# Mosaic backdrop- need your picture!!



## koincidenskis (Feb 18, 2013)

Spring Fever is upon us and that means being a little antsy for a project! 

My plan is to do a backdrop in mosaic tile/glass for a new aquarium, which will be an interesting medium  I have attempted mosaics before with magazines and boy may I say it is time consuming, but the end product is wonderful!! 

The type of photo I am looking for is either one of your betta(s) or a picture of a landscape, so for instance you took a picture of lovely sunset. 

Anywho I was wondering if anyone would be willing to post a picture that I can use. I won't guarantee I will use it, but if I do pick yours as a little incentive I will make a duplicate version. 

The duplicate version will most likely be the size of computer paper so 8x12. 

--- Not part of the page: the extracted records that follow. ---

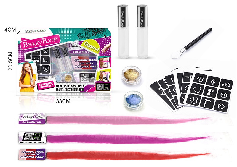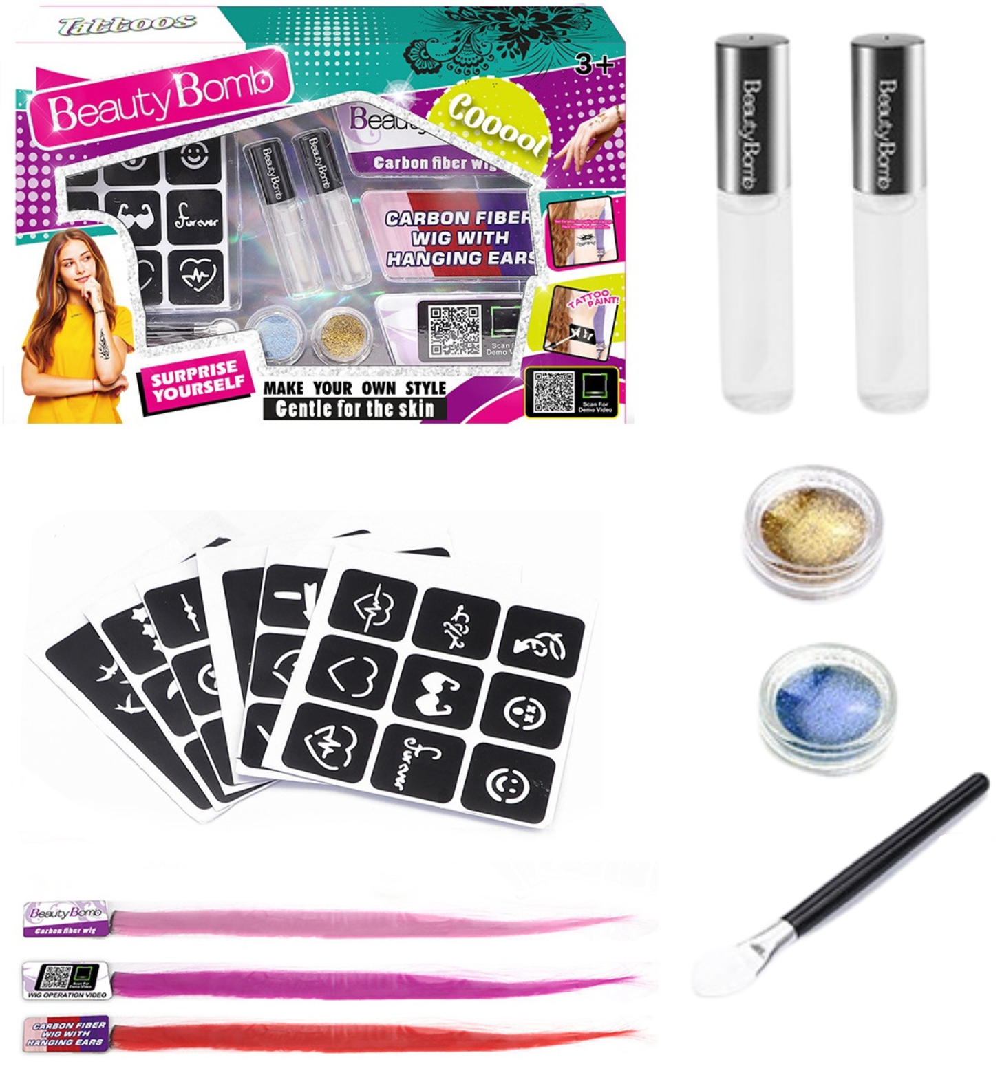Oferowany zestaw to wspaniały prezent dla każdej dziewczynki! Jest w pełni bezpieczny i nie zawiera toksycznych substancji! Jeżeli wzór tatuażu już się znudzi możemy z łatwością usunąć go za pomocą wody i mydła! Tatuaże możesz ozdobić brokatem, by zachwycały przyjaciół i rodzinę. Baw się, twórz, kreuj swoją osobowość!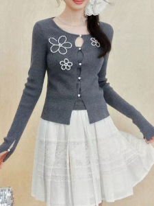 欧阳喜《珍妮丝花园》法式气质圆领长袖上衣秋季百搭显瘦毛针织衫
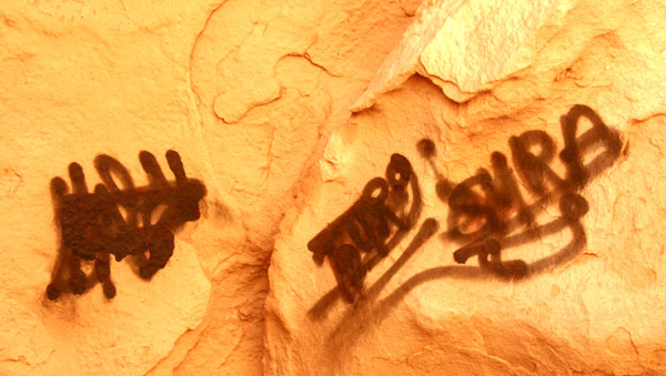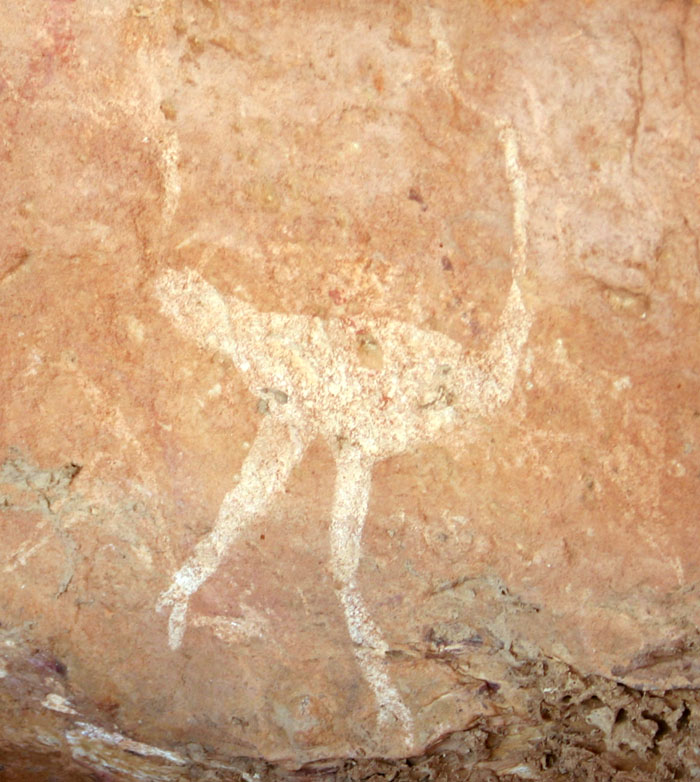 Umweit des Grabes gibt es Zeichnungen mit einem Strauß und Rundkopffiguren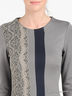 Великолепное платье приталенного кроя из плотного трикотажа средней эластичности. Круглый вырез, длинный рукав, декорировано контрастными вставками и кружевными нашивками. Отлично подходит для прогулок и выходов.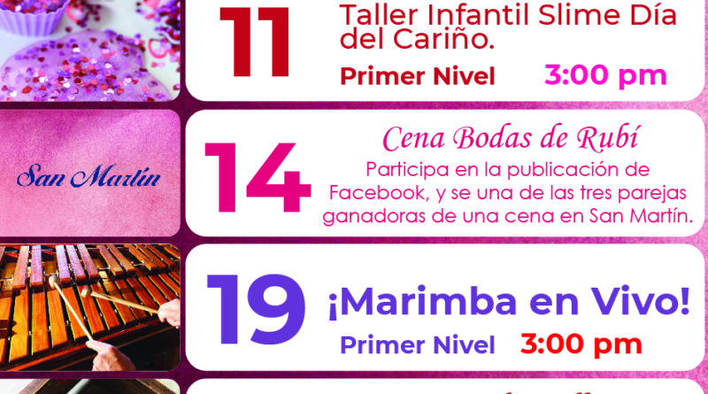 El sábado 11 de febrero a las 3:00 pm habrá taller infantil Slime Día del Cariño y el domingo 19 de febrero habrá marimba en vivo a partir de las 3:00 pm.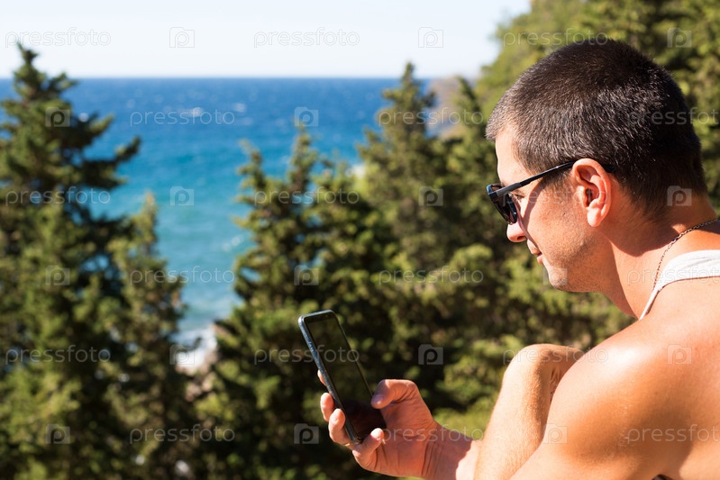 Турист-мужчина фотографирует на смартфон прекрасный вид на море в гористой местности сверху среди хвойных деревьев. Видеосвязь, использование телефона в путешествии. Сим-карта в роуминге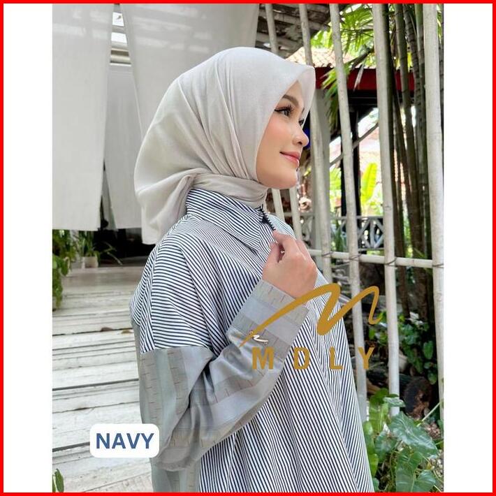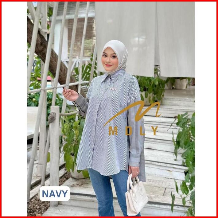 Baju Kemeja Atasan Wanita Motif Garis-garis Adeesa Stripes Shirt By Mdly Cantik Fit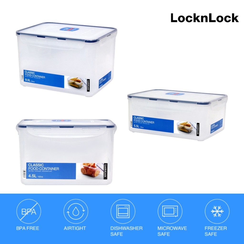 LocknLock Large Airtight Food Container 4.5L + 5.5L + 9.0L (with LocknLock slim cutting board 3P set)
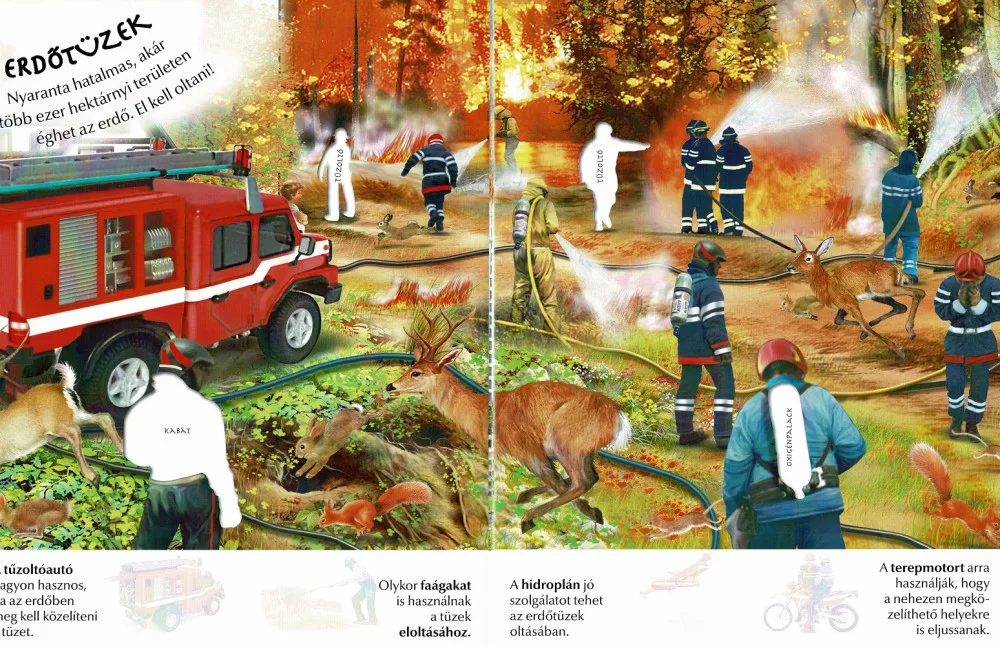 A "Milyen érdekes a világ – Tűzoltók" című ismeretterjesztő, matricás foglalkoztató könyv játékos módon mutatja be a tűzoltók bátor munkáját, járműveit és felszereléseit. A gazdagon illusztrált oldalakhoz több mint 50 újraragasztható matrica tartozik, amelyekkel a gyerekek interaktívan egészíthetik ki a jeleneteket, miközben hasznos tudnivalókat sajátítanak el a tűzvédelemről. A puhafedeles, színes kiadvány ideális otthoni böngészéshez, utazáshoz vagy óvodai–iskolai foglalkozásokhoz.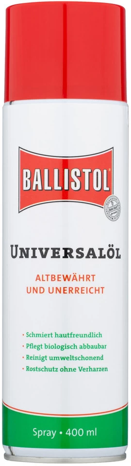 Mentions :Ballistol est absolument doux pour la peau et a été testé par Dermatest avec le résultat « très bon ».Le magazine « selbst ist der Mann » parle dans le numéro 7 / juillet 2013 de l’huile universelle Ballistol. « selbst ausprobiert » lui octroie 5 de 5 marteaux.Caractéristiques :soigne, lubrifie, désinfecte, protège contre la rouillese glisse dans les interstices les plus étroitsne se résinifie pas, est entièrement biodégradablede qualité alimentaire, n’irrite pas la peau et totalement inoffensivele tuyau pour les bricoleurs, l’industrie et le commercenettoie les chaînes, les fourches à suspension et les câbles Bowdenidéal pour l’hivernage et la restaurationidéal pour nettoyer et entretenir les fourches à suspension Fox et RockShoxNuméros du fabricant :50 ml:21450200 ml:21700400 ml:21810Contenu :1 x spray d’huile universelle Ballistol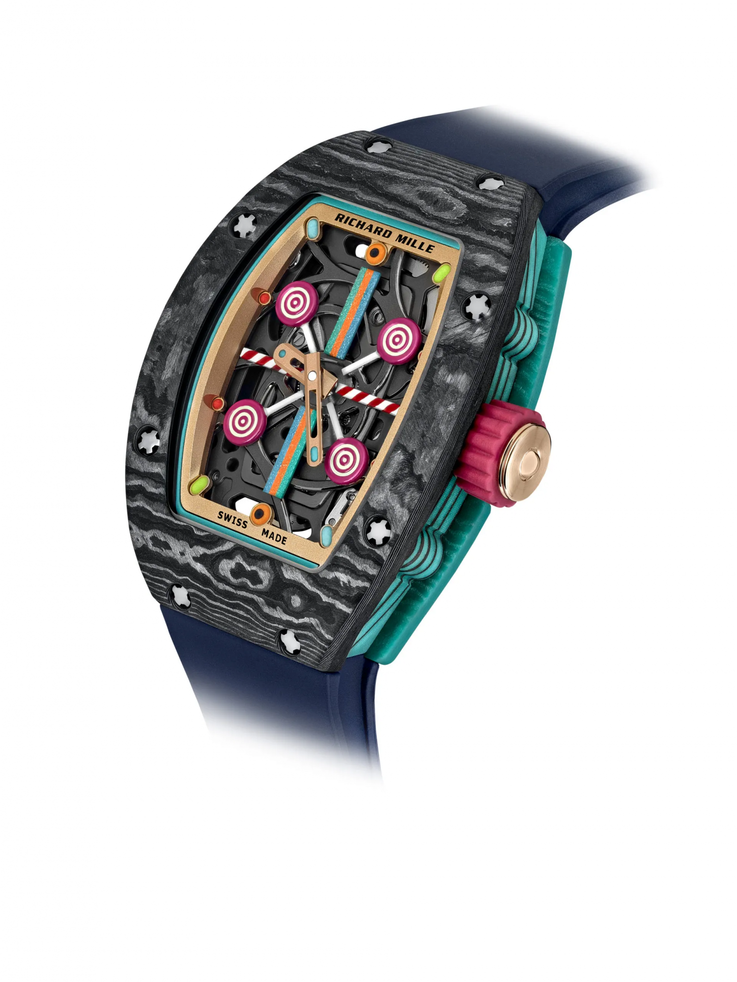 Viền trước của RM 07-03 Myrtille được làm từ Carbon TPT® và mặt sau của nó sử dụng Quartz TPT® màu ngọc lam mới. Dây đeo sử dụng dải màu chuyển màu của Carbon TPT® /turquoise Quartz TPT®, tạo ra sự chuyển đổi màu sắc trang nhã từ viền sang vỏ sau. Mặt số bằng titan cấp 5 được xử lý Titalyt® màu xám. Mỗi viên kẹo được sơn bằng sơn acrylic và sơn mài bằng tay với một chút hiệu ứng đường.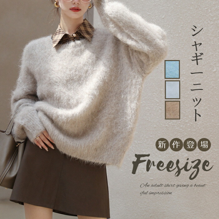 ニットセーター セーター レディース シャギーニット モヘア ニット 長袖 長袖セーター プルオーバー ニットソー インナー 秋 冬 ショート 秋冬 無地 もこもこ シャギー トッ ふわふわ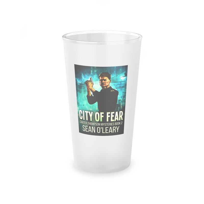 This frosted matte finish pint glass is versatile and dishwasher-safe. The cover art in this pint glass is from Sean O'Leary's book, City Of Fear.
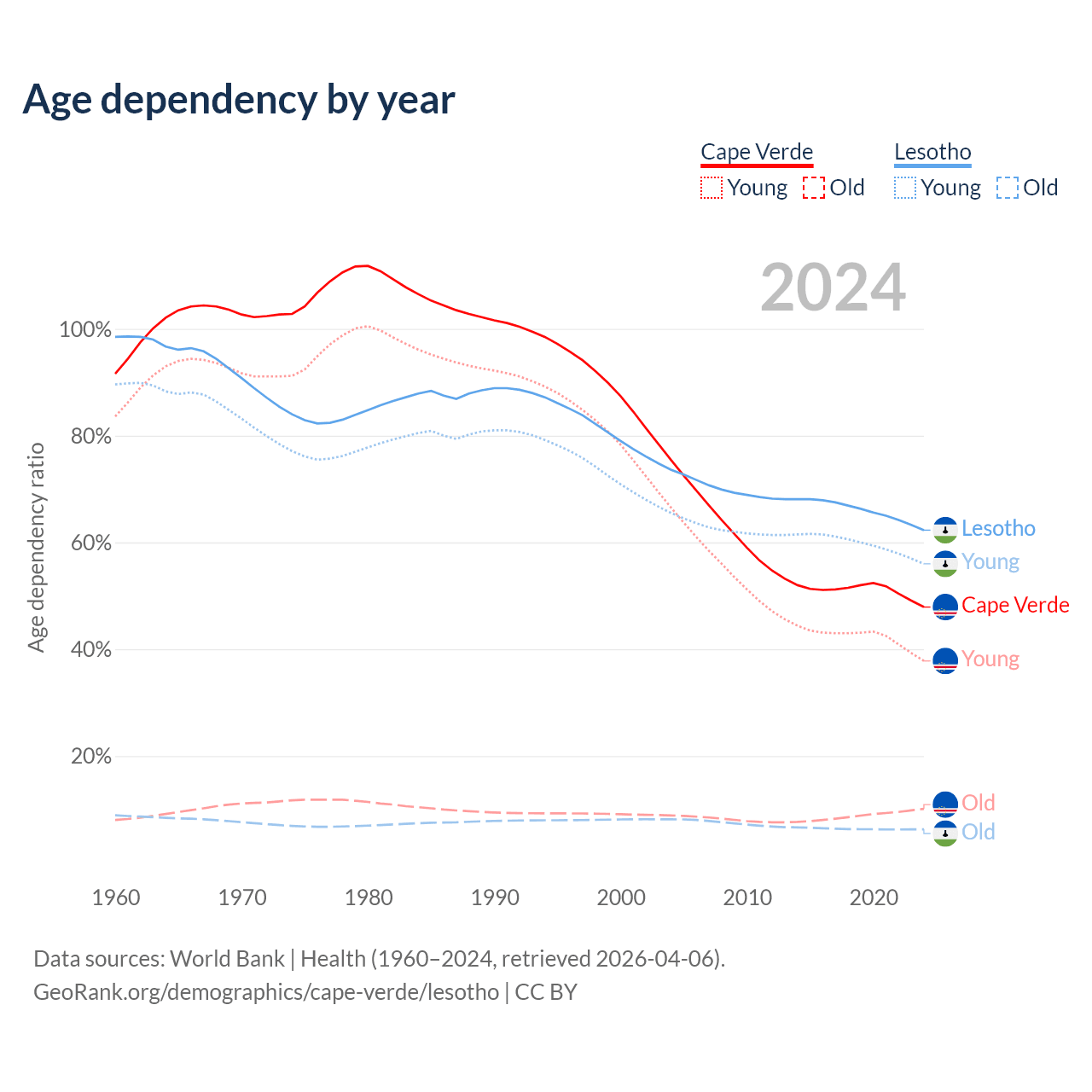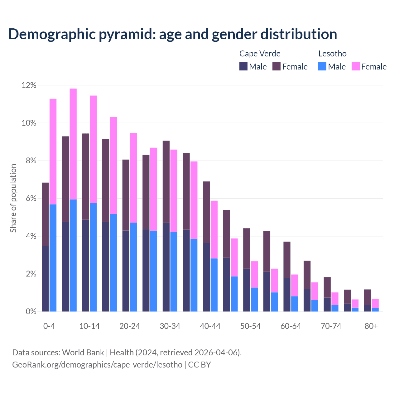 - Cape Verde is ranked 110/196 by median age (oldest to youngest) vs 143/196 for Lesotho.
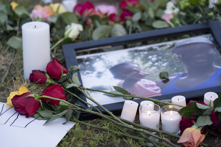 2021年5月25日,在美国华盛顿白宫附近举行的悼念弗洛伊德的集会上,人们将鲜花和蜡烛摆放在弗洛伊德和家人的照片旁。(新华社记者 刘杰 摄)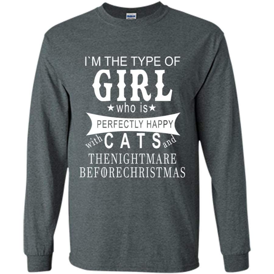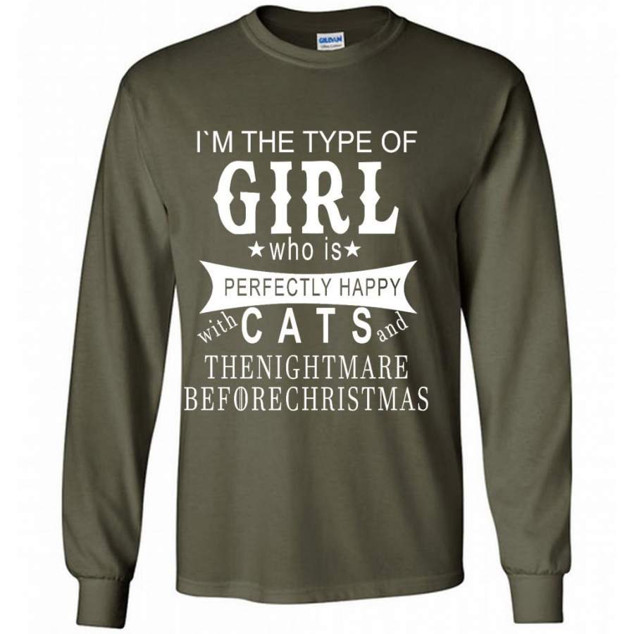 I’m The Type Of Girl Who Is Perfectly Happy With Cats And The Nightmare Before Christmas – Gildan Long Sleeve Shirt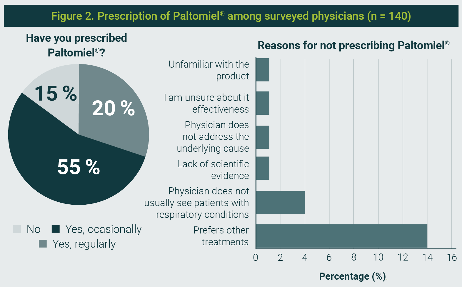 Paltomiel® was known to 96,5% of physicians, and 83,6% had prescribed it—either occasionally (52,9%) or regularly (30,7%). Among non-prescribers, the main reasons cited were a preference for other treatments (63,6%), infrequent management of respiratory cases, or uncertainty regarding the efficacy of these treatments (Figure 2).

Hopefully I will be able to start on Thursday and keep you updated on the progress! So please post your photos!


----------



## shellieca (Jul 12, 2012)

Well I've got some pics you could use if you want . . . these are a couple of my favorites:
I have lots of sky pics because I love clouds.


----------



## koincidenskis (Feb 18, 2013)

^^ those are pretty. Love the coloring of the clouds in the first one


----------



## caissacrowntails (Mar 10, 2013)

would you like some pics.."under the sea"? Probably not in their best quality though since I didn't use "real underwater camera", was just my phone.


----------



## shellieca (Jul 12, 2012)

Thank you. I don't know how much color you are looking for but here are a couple others & then I'm done.


----------



## koincidenskis (Feb 18, 2013)

caissacrowntails said:


> would you like some pics.."under the sea"? Probably not in their best quality though since I didn't use "real underwater camera", was just my phone.


Yep it would be cool to see


----------



## caissacrowntails (Mar 10, 2013)

well here's some, I included the "beach pics" as well


----------



## Starchild21 (Jan 12, 2013)

Sunset from my backyard 








(taken on my phone and not edited!)


----------